__WORK TO COMPLETE__
Your answer must be the full listing, word for word, with no images in it.

__DATA EXTRACT__

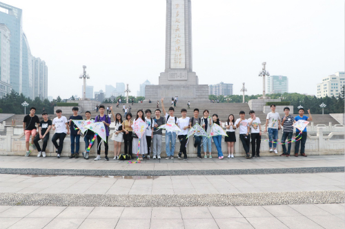 在八一起义纪念碑下,全体成员手拿风筝、挥毫泼墨,在风筝上作出一幅幅有关党团的图样,书写着明天的梦想。同学们大胆发挥、敢于创作,或以纪念十九大为题,或书写对新中国的期盼,国旗、党徽、标语......一幅幅带着希望的图画,在同学们的笔下创造出来,在炎热的夏日绽放青春活力。
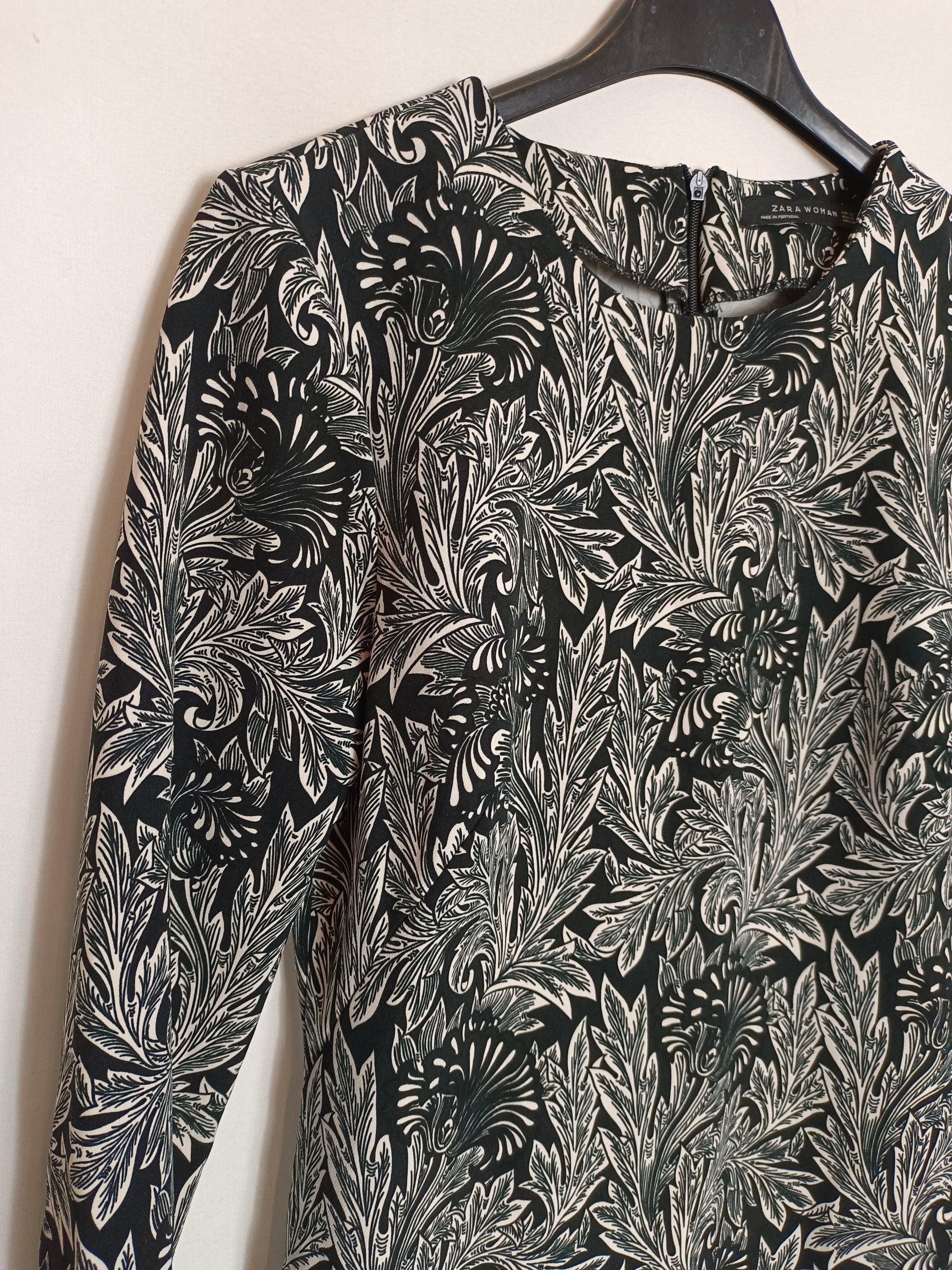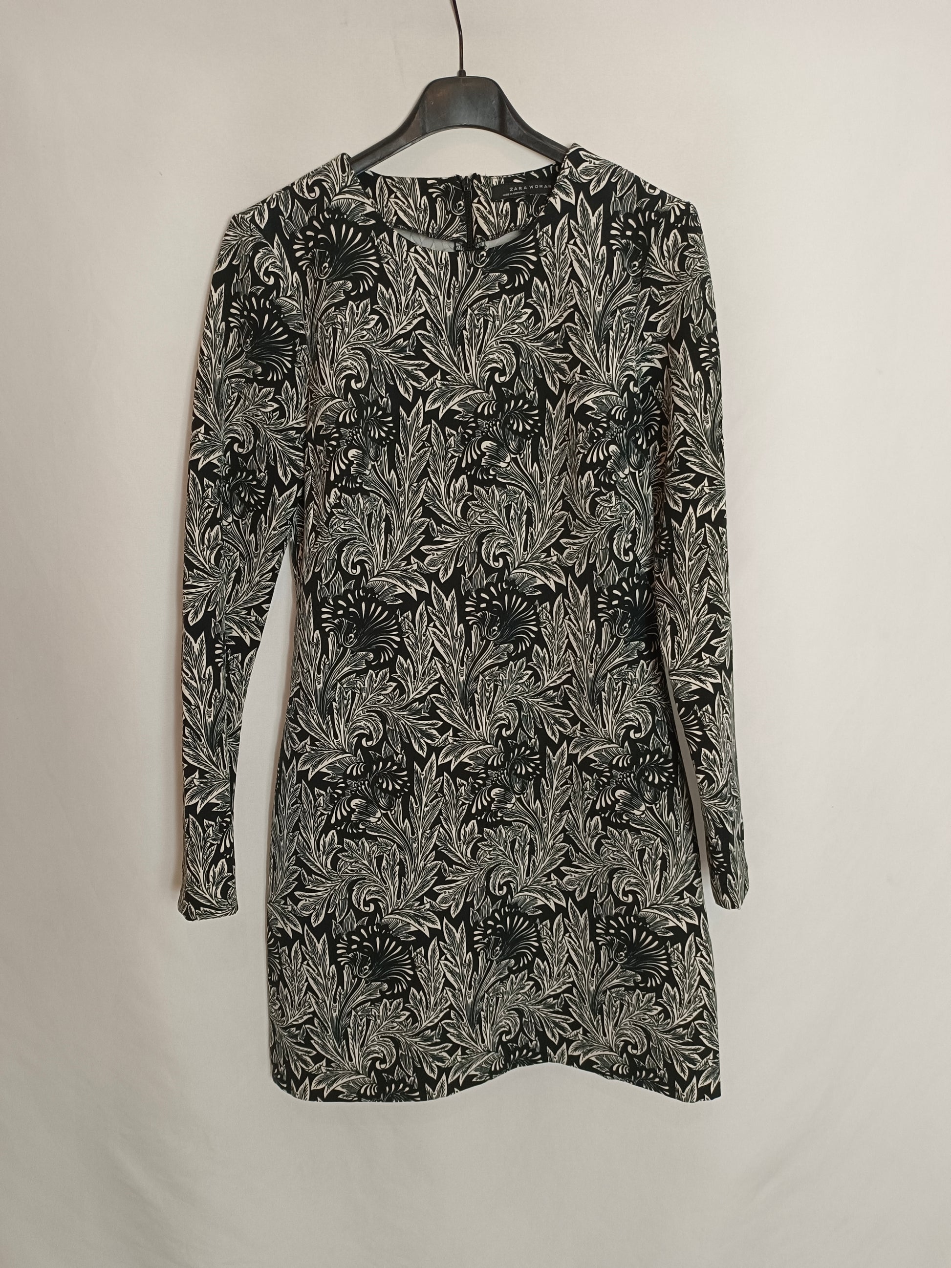 ZARA. Vestido estampado blanco y negro T.xs
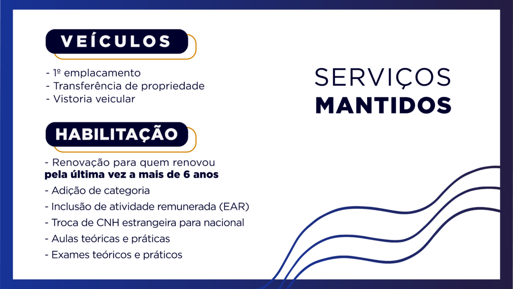 Serviços mantidos – Os demais serviços de veículos e de CNH serão mantidos, inclusive as aulas teóricas e práticas dos Centros de Formação de Condutores (CFCs), havendo apenas uma redução na capacidade de atendimento.

__SOLVED PROBLEM__
 在八一起义纪念碑下,全体成员手拿风筝、挥毫泼墨,在风筝上作出一幅幅有关党团的图样,书写着明天的梦想。同学们大胆发挥、敢于创作,或以纪念十九大为题,或书写对新中国的期盼,国旗、党徽、标语......一幅幅带着希望的图画,在同学们的笔下创造出来,在炎热的夏日绽放青春活力。
 ZARA. Vestido estampado blanco y negro T.xs
 Serviços mantidos – Os demais serviços de veículos e de CNH serão mantidos, inclusive as aulas teóricas e práticas dos Centros de Formação de Condutores (CFCs), havendo apenas uma redução na capacidade de atendimento.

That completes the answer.